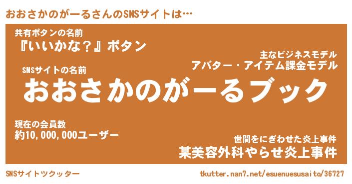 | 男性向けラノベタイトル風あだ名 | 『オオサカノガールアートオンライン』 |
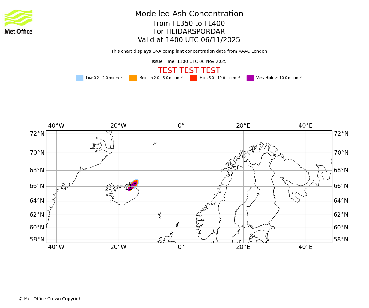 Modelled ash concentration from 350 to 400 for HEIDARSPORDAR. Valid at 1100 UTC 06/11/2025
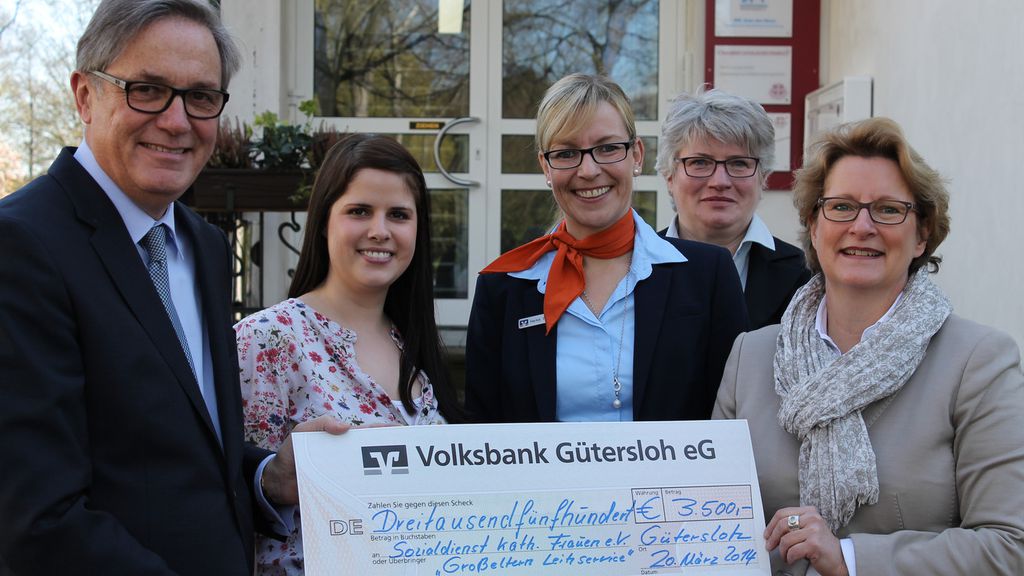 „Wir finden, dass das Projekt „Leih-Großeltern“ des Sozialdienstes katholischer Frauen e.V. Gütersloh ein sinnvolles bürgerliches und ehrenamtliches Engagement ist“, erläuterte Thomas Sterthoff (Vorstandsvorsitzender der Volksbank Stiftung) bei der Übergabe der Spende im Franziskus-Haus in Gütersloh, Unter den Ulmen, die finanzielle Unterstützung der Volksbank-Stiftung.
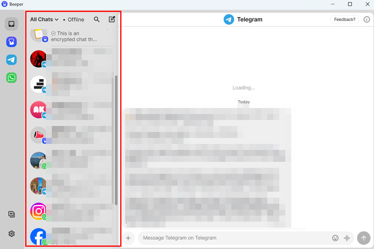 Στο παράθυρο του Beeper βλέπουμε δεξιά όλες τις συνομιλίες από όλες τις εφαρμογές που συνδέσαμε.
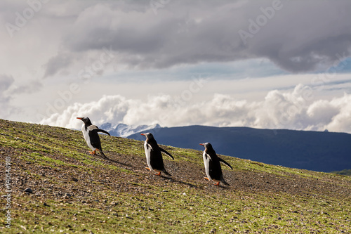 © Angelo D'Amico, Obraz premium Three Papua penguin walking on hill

_What the task asks:_
The reply should contain every line of the material exactly, and no images.

_Answer to this exercise:_
 | 男性向けラノベタイトル風あだ名 | 『オオサカノガールアートオンライン』 |
 Modelled ash concentration from 350 to 400 for HEIDARSPORDAR. Valid at 1100 UTC 06/11/2025
 „Wir finden, dass das Projekt „Leih-Großeltern“ des Sozialdienstes katholischer Frauen e.V. Gütersloh ein sinnvolles bürgerliches und ehrenamtliches Engagement ist“, erläuterte Thomas Sterthoff (Vorstandsvorsitzender der Volksbank Stiftung) bei der Übergabe der Spende im Franziskus-Haus in Gütersloh, Unter den Ulmen, die finanzielle Unterstützung der Volksbank-Stiftung.
 Στο παράθυρο του Beeper βλέπουμε δεξιά όλες τις συνομιλίες από όλες τις εφαρμογές που συνδέσαμε.
 © Angelo D'Amico, Obraz premium Three Papua penguin walking on hill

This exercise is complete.